- **Exercise instructions**
The answer should contain only the lines from the beginning of the entries through the line that holds "- On the first", given again exactly, with no pictures.

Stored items
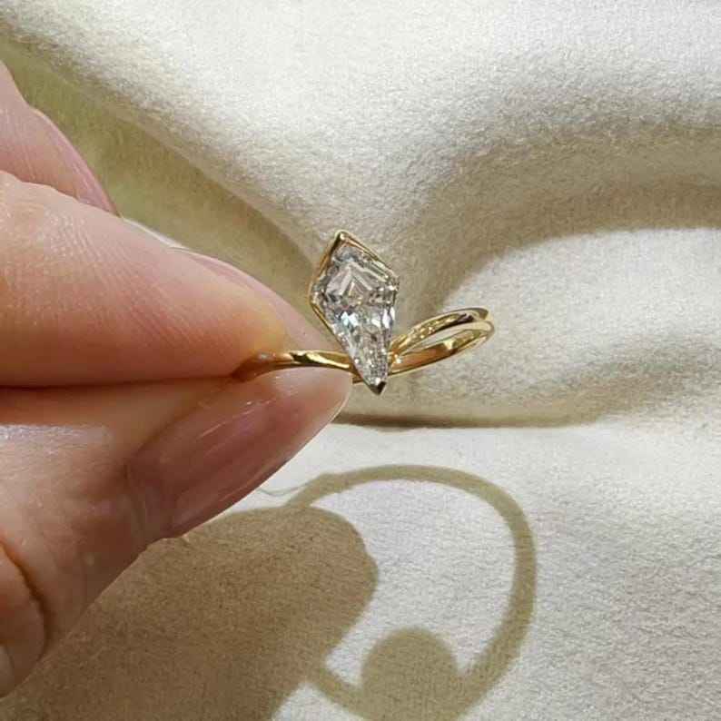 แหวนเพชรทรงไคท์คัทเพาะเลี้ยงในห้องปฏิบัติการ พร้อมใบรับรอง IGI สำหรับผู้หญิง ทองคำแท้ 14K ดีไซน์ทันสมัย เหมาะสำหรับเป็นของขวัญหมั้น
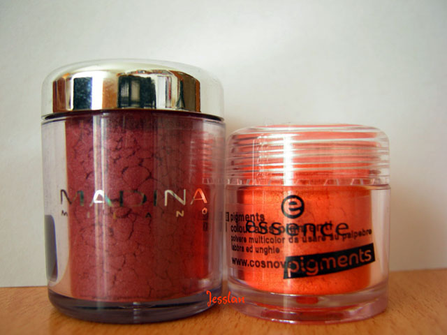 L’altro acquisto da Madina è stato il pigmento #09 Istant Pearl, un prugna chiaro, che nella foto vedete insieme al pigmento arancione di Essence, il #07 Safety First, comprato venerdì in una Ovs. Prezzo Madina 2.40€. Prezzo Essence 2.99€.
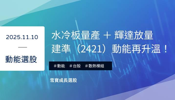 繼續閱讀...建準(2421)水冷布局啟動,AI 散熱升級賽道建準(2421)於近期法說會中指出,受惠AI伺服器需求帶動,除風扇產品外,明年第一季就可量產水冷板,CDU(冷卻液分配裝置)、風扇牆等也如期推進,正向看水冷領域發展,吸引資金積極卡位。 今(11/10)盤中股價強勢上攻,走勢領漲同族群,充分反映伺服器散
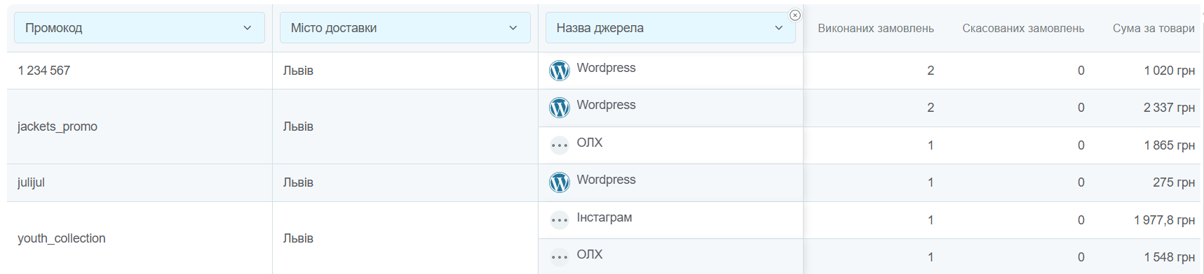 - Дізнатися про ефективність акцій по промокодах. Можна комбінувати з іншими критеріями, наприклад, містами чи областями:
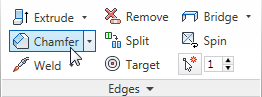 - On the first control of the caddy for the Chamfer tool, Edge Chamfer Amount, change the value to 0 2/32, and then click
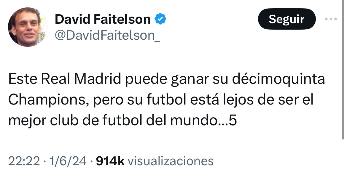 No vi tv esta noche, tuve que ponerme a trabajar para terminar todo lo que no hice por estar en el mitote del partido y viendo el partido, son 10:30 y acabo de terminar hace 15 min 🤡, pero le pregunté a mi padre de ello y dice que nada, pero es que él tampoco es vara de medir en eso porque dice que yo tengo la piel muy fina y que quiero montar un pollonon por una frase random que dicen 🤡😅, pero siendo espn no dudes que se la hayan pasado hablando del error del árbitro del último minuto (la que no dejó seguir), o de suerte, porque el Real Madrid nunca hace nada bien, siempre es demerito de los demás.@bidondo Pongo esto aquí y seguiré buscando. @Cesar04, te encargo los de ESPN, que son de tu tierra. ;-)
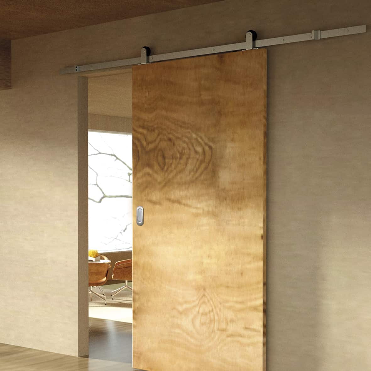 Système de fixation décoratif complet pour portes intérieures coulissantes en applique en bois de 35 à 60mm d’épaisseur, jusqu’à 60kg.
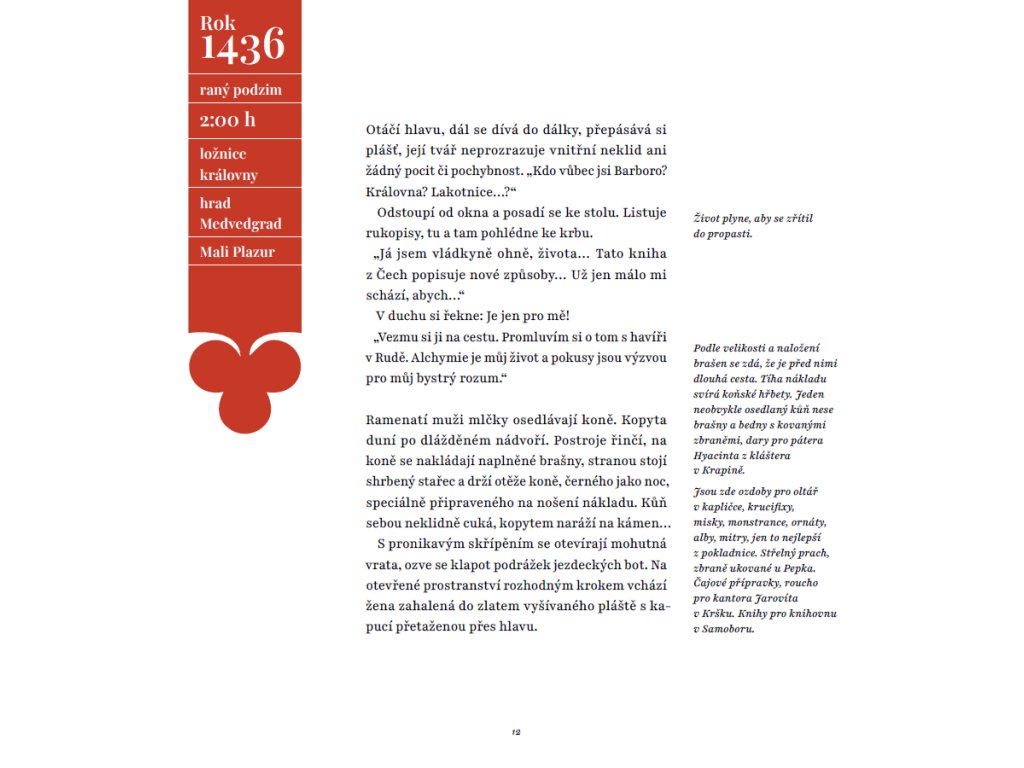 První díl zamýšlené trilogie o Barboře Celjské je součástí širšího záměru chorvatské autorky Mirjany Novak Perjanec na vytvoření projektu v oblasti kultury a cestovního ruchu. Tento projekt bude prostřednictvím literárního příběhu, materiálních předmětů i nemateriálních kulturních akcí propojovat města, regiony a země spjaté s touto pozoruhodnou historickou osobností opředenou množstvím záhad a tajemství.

- **Your response**
 แหวนเพชรทรงไคท์คัทเพาะเลี้ยงในห้องปฏิบัติการ พร้อมใบรับรอง IGI สำหรับผู้หญิง ทองคำแท้ 14K ดีไซน์ทันสมัย เหมาะสำหรับเป็นของขวัญหมั้น
 L’altro acquisto da Madina è stato il pigmento #09 Istant Pearl, un prugna chiaro, che nella foto vedete insieme al pigmento arancione di Essence, il #07 Safety First, comprato venerdì in una Ovs. Prezzo Madina 2.40€. Prezzo Essence 2.99€.
 繼續閱讀...建準(2421)水冷布局啟動,AI 散熱升級賽道建準(2421)於近期法說會中指出,受惠AI伺服器需求帶動,除風扇產品外,明年第一季就可量產水冷板,CDU(冷卻液分配裝置)、風扇牆等也如期推進,正向看水冷領域發展,吸引資金積極卡位。 今(11/10)盤中股價強勢上攻,走勢領漲同族群,充分反映伺服器散
 - Дізнатися про ефективність акцій по промокодах. Можна комбінувати з іншими критеріями, наприклад, містами чи областями:
 - On the first control of the caddy for the Chamfer tool, Edge Chamfer Amount, change the value to 0 2/32, and then click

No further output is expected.